Wa’alaikumsalam warahmatullahi wabarakatuh

Saudara Taufik, Islam tidak melarang seorang wanita untuk bekerja, berwirausaha, menjadi PNS, hakim, kepala sekolah, karyawan swasta, bahkan menjadi pimpinan instansi/ perusahaan sekalipun. Tidak ada nash yang melarang hal itu, termasuk untuk menjadi pimpinan di lembaga keuangan syariah. Baik sebagai direktur, manajer, kepala bagian maupun kepala cabang. Asal ia dinilai telah memenuhi syarat dan memiliki kemampuan/keahlian di bidangnya maka wanita boleh menduduki jabatan-jabatan tersebut.

Yang tidak diperbolehkan dalam Islam adalah wanita menjadi kepala negara/kepala pemerintahan dan jabatan-jabatan kekuasaan di bawahnya seperti wali (gubernur) dan amil (bupati/walikota). Hai ini berdasarkan hadits yang diriwayatkan oleh Abi Bakrah yang mengatakan: “Ketika sampai berita kepada Rasulullah saw. bahwa bangsa Persia telah mengangkat putri Kisra sebagai ratu, maka beliau bersabda: “Tidak akan pernah beruntung suatu kaum yang menyerahkan kekuasaan (pemerintahan) mereka kepada seorang wanita.” (HR. Bukhari)

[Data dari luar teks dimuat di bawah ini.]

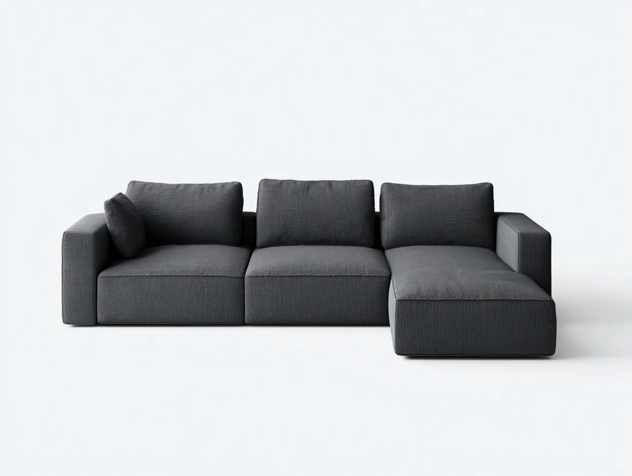Este sofá rinconero modular de tela gris antracita aporta al salón una imagen ordenada, contemporánea y muy versátil. Su composición de líneas rectas, grandes módulos de asiento y respaldos independientes crea una presencia visual estable, ideal para interiores actuales que buscan confort sin excesos decorativos. La chaise longue amplía la superficie útil y permite descansar con más libertad en el día a día. Gracias a su diseño amplio y bien proporcionado, este modelo se integra con naturalidad en un salón moderno, funcional y cómodo.

Berdasarkan hadits di atas, yang dimaksud dengan larangan menyerahkan kekuasaan kepada seorang wanita adalah larangan bagi wanita untuk menduduki jabatan khalifah (kepala negara/pemerintahan) dan jabatan-jabatan kekuasaan di bawahnya. Sebab, dalam konteks hadits itu yang dibicarakan adalah pengangkatan putri Kisra sebagai ratu yang berkuasa.

Jadi persoalannya adalah khusus mengenai kekuasaan pemerintahan, bukan khusus mengenai kejadian diangkatnya putri Kisra saja. Jadi hadits di atas tidak mencakup segala hal. Oleh karena itu, larangan ini tidak mencakup hal-hal lain selain kekuasaan pemerintahan, seperti kekuasaan perusahaan, yayasan, lembaga sosial, lembaga keuangan maupun pendidikan.

Maka selain urusan kekuasaan pemerintahan, wanita boleh menduduki jabatan itu. Atas dasar inilah, wanita diperbolehkan menjadi pegawai negara (PNS), karena urusan semacam ini tidak termasuk urusan pemerintahan, melainkan termasuk dalam katagori ijarah (kontrak kerja).

Wanita juga diperbolehkan menjadi hakim (qadhi), karena qadhi bukanlah penguasa. Ia hanyalah orang yang memutuskan persengketaan di antara anggota masyarakat dan memberitahukan hukum syara’ yang bersifat mengikat kepada pihak-pihak yang bersengketa. Jadi seorang qadhi adalah pegawai, bukan penguasa. Khalifah Umar bin Khaththab juga pernah mengangkat Asy Syifa’ (seorang wanita) untuk menjadi qadhi hisbah. Wallahu a’lam bishawab.